During the summer months, Southern Nevada’s median home prices hovered around $200,000 in 2014, $220,000 in 2015, $235,000 in 2016 and $260,000 last year.

Gordon doesn’t expect home prices to nosedive anytime soon, even if they do meet or exceed the pre-recession peak. Unlike the boom days, there’s less speculation in the housing market, he said, and lenders are requiring buyers to have “more skin in the game.”

Even so, real-estate agents acknowledge the seller’s market can be a frustrating experience for first-time homebuyers or those with a more modest budget.

Kasama said some homebuyers were writing “six, eight, 10, 12 offers” and still not landing a house because of the stiff competition. After making multiple offers, some would-be buyers decided to hold off and rent until the market stabilizes, she said.

“It’s completely demoralizing,” she said. “They just give up.”

The situation benefits the rental market, hence the new apartment complexes sprouting across the valley. The apartment vacancy rate has been gradually declining since 2011, despite a few fluctuations more recently. At the end of the second quarter this year, the vacancy rate in the Las Vegas market was 7.2 percent, according to the Lied Institute for Real Estate Studies at UNLV.

Meanwhile, the Lied Institute report shows that apartment rental rates have increased and now average $1,003. The pre-recession peak was $876 in 2008.

Local economist John Restrepo anticipates housing prices will stabilize over the next year, but he said that doesn’t mean residential properties will become “magically more affordable” to buyers.

Interest rates have been creeping upward — now roughly 4.6 percent for a 30-year, fixed-rate mortgage — meaning house payments will be more expensive. Despite an overall healthy economy and low unemployment rate, the escalating home prices and increased interest rates have proven to be too much for some buyers, Restrepo said.

“There are more and more people talking about an affordability issue in Southern Nevada as it relates to homebuying,” he said.

A key indicator to watch, he said, is the Housing Opportunity Index released by the National Association of Home Builders and Wells Fargo. The index takes into account median family income and housing costs to measure affordability.

The Housing Opportunity Index for the Las Vegas area, based on a four-quarter moving average, fell to 56.4 percent during the second quarter this year.

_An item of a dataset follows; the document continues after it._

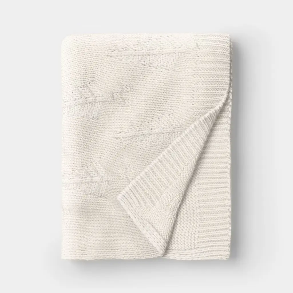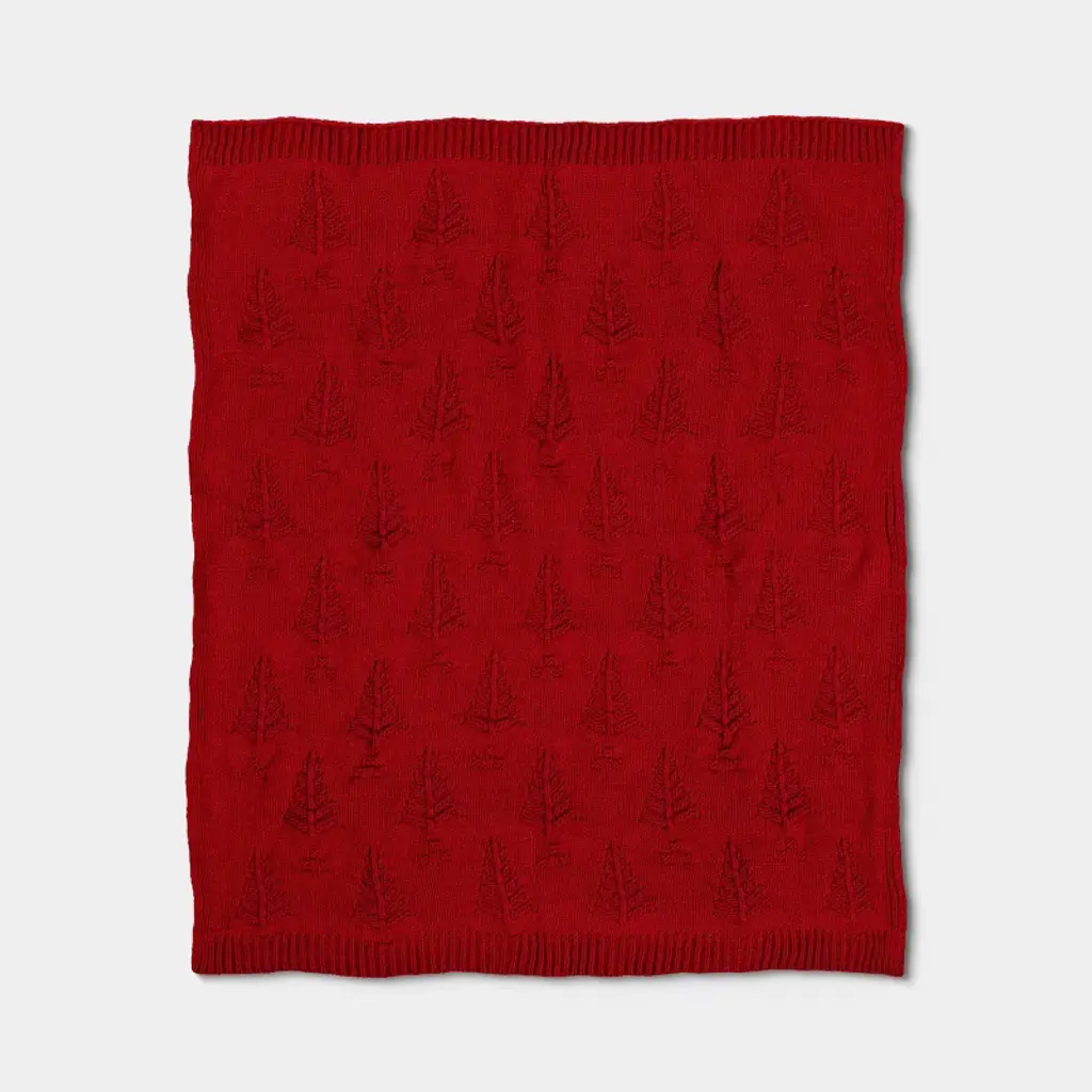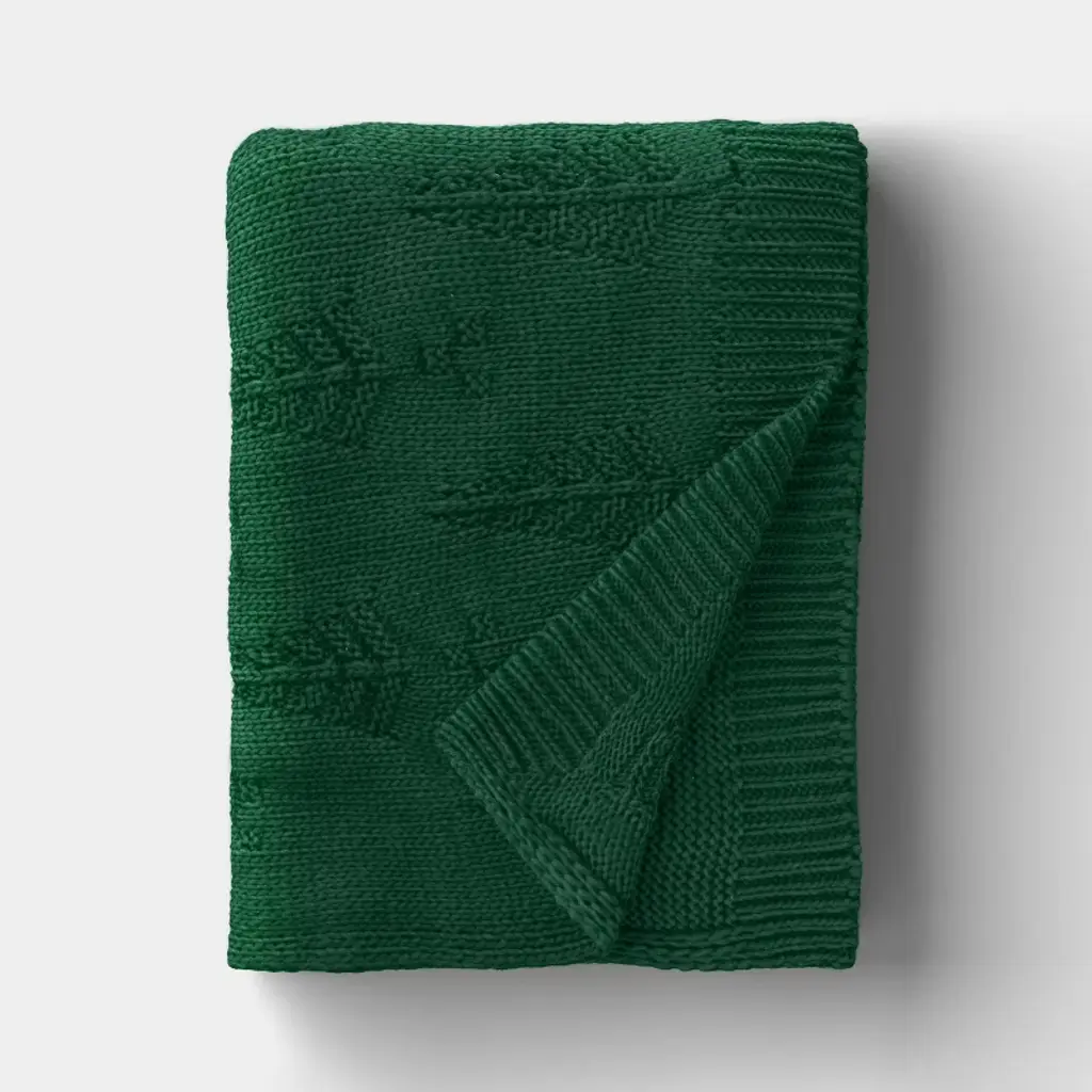 Add holiday magic and warmth to your decor with this Tree Knit Throw Blanket from Threshold™. This rectangular throw blanket has a jacquard sweater-knit design adorned with Christmas trees for a celebratory look and is finished with ribbed ends. Made from a recycled polyester-acrylic blend, the midweight throw blanket is also machine washable for effortless cleaning.Threshold™: Looks like home, feels like you.

“If it gets below 50 percent, you start getting worried because then less than 50 percent of families earning median income cannot afford (a house),” Restrepo said.

But the flattening median price this summer shouldn’t cause too much concern, Restrepo said. Barring any catastrophic events, Restrepo said he doesn’t foresee dramatic changes to the region’s housing market.

Potential homebuyers, he said, should pay attention to market trends and avoid making emotional decisions.

“Don’t put pressure on yourself that you have to buy,” he said. “Every time that happens, people have a tendency to overpay.”

Disclosure: John Restrepo co-publishes the Stat Pack, a client of the communications consulting firm owned by The Nevada Independent’s managing editor, Elizabeth Thompson.